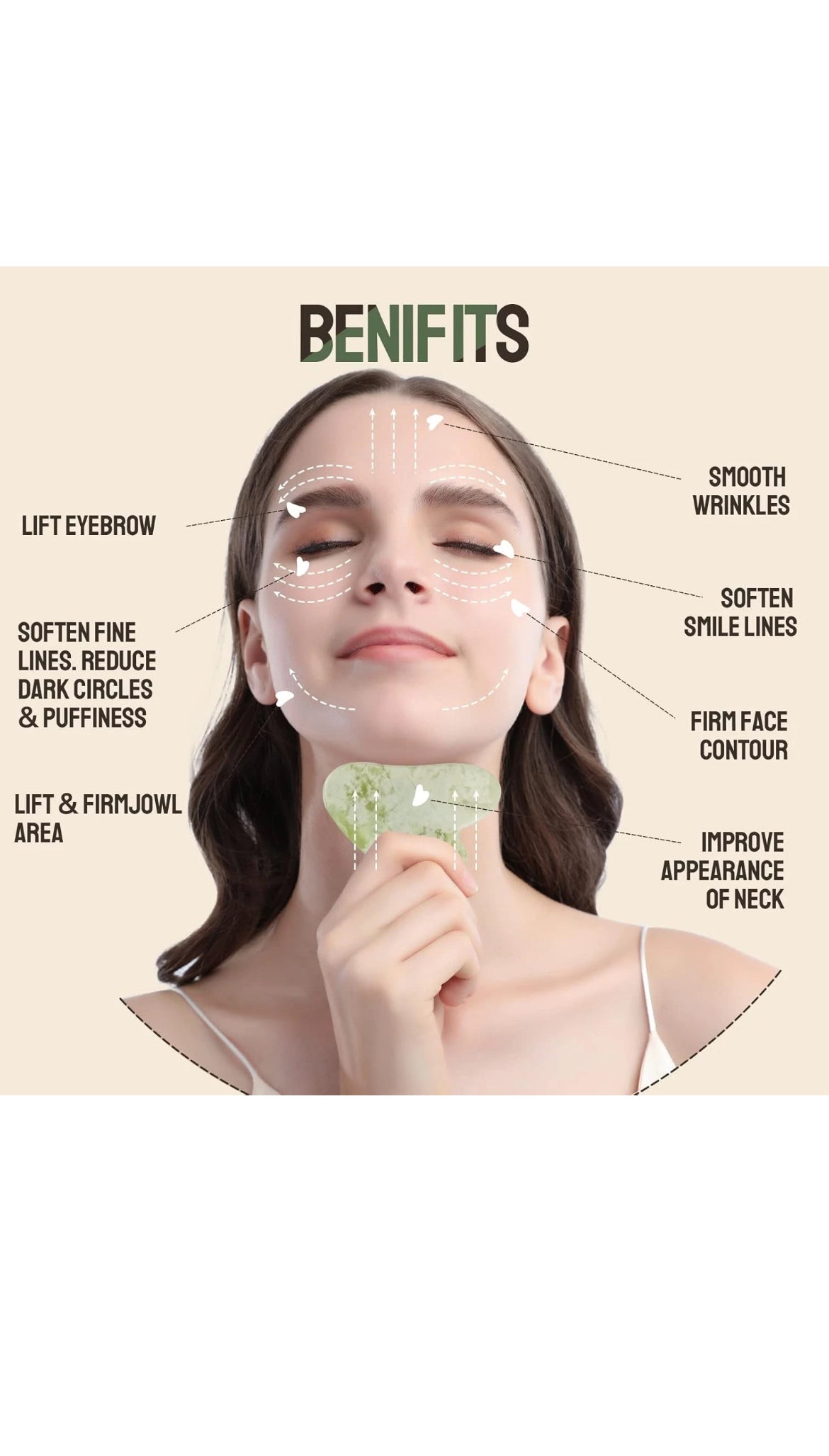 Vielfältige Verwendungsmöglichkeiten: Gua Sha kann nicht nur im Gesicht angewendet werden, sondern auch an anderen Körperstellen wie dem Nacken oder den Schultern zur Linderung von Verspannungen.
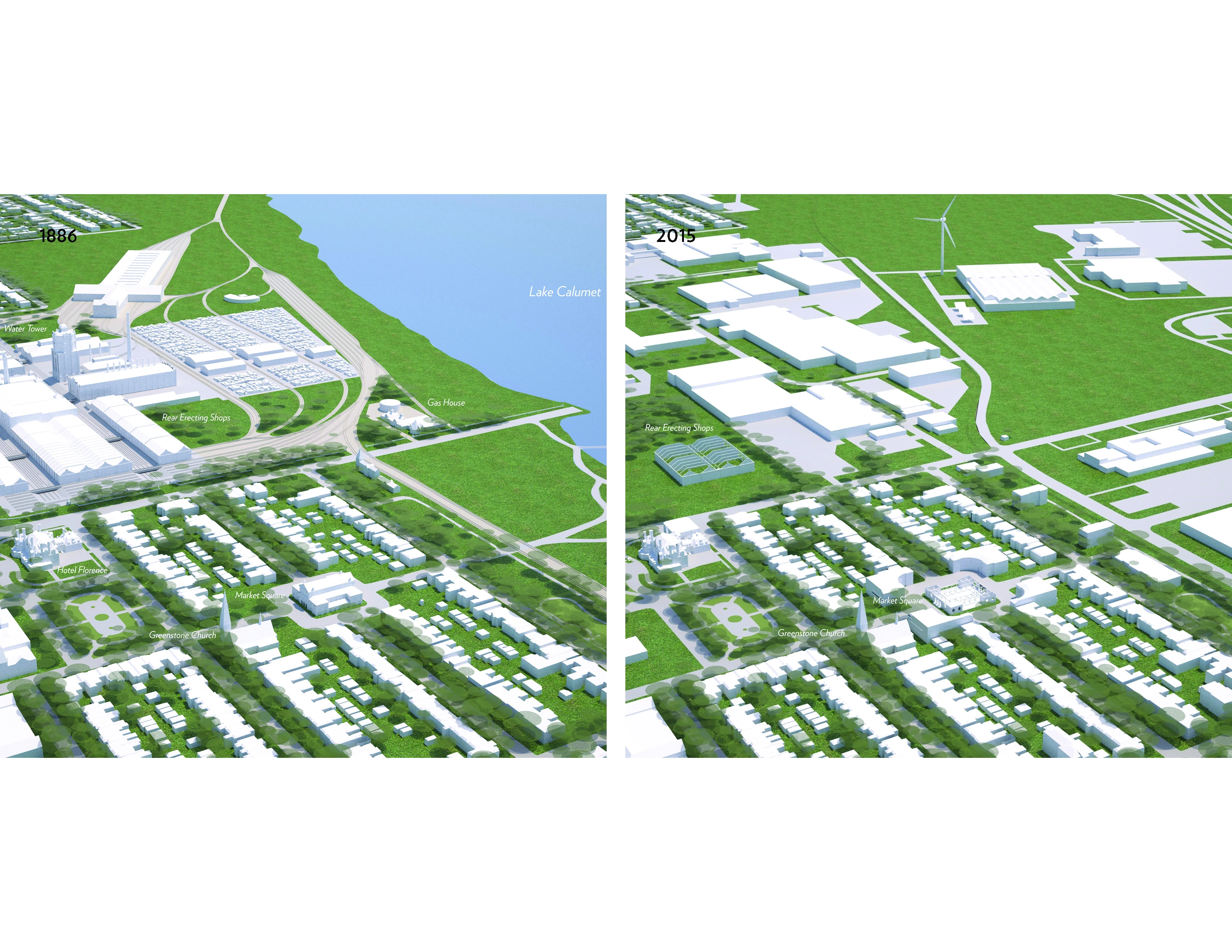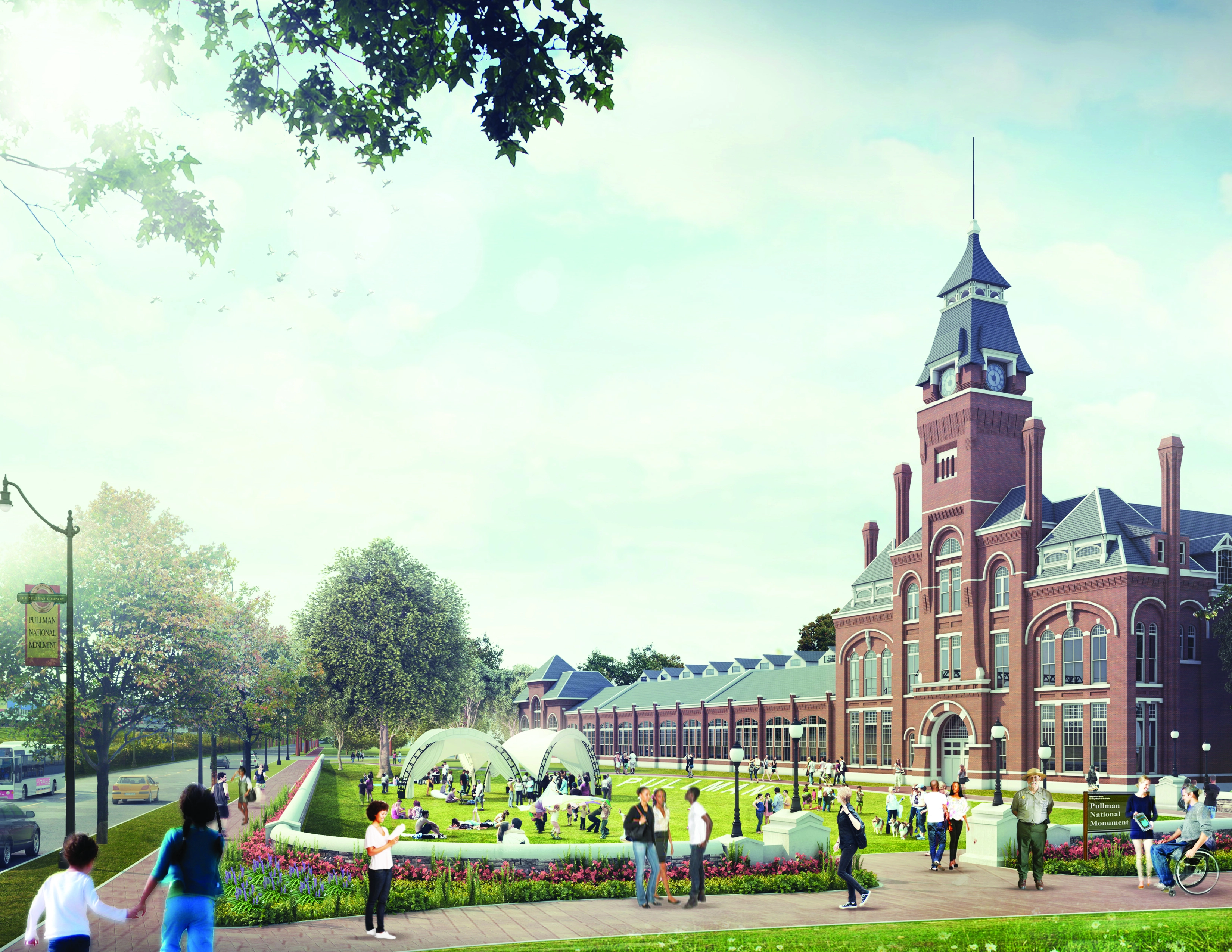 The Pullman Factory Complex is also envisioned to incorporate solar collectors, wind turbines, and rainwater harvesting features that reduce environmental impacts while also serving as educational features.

--

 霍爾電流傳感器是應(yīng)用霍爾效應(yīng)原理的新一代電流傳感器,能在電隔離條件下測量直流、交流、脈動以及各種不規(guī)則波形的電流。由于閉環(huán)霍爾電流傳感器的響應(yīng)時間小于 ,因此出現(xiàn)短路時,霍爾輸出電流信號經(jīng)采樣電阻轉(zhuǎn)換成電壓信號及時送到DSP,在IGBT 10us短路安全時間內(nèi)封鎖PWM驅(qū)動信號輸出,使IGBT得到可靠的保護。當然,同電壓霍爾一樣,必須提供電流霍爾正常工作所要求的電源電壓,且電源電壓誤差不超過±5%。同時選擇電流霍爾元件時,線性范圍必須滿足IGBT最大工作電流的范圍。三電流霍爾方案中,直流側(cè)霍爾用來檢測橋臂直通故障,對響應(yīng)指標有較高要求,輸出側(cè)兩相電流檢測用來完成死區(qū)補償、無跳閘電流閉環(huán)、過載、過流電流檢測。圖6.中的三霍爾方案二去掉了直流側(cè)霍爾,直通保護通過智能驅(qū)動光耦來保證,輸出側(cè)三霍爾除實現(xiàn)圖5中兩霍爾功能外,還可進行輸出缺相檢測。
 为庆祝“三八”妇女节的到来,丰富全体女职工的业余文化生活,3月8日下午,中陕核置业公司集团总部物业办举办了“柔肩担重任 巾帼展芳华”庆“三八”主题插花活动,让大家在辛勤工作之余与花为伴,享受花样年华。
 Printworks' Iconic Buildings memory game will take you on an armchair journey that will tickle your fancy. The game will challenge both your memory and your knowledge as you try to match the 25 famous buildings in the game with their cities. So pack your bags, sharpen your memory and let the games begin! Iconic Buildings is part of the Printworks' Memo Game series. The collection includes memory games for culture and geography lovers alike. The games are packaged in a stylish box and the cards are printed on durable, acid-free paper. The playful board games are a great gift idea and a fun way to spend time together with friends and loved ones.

WHAT YOU ARE ASKED TO DO: Would you output only the span of the records above that opens with the line containing "Vielfältige Verwendungsmöglichkeiten: Gua" and closes with the line containing "The Pullman Factory", ends included and pictures dropped?

RESULT FOR THIS TASK:
 Vielfältige Verwendungsmöglichkeiten: Gua Sha kann nicht nur im Gesicht angewendet werden, sondern auch an anderen Körperstellen wie dem Nacken oder den Schultern zur Linderung von Verspannungen.
 The Pullman Factory Complex is also envisioned to incorporate solar collectors, wind turbines, and rainwater harvesting features that reduce environmental impacts while also serving as educational features.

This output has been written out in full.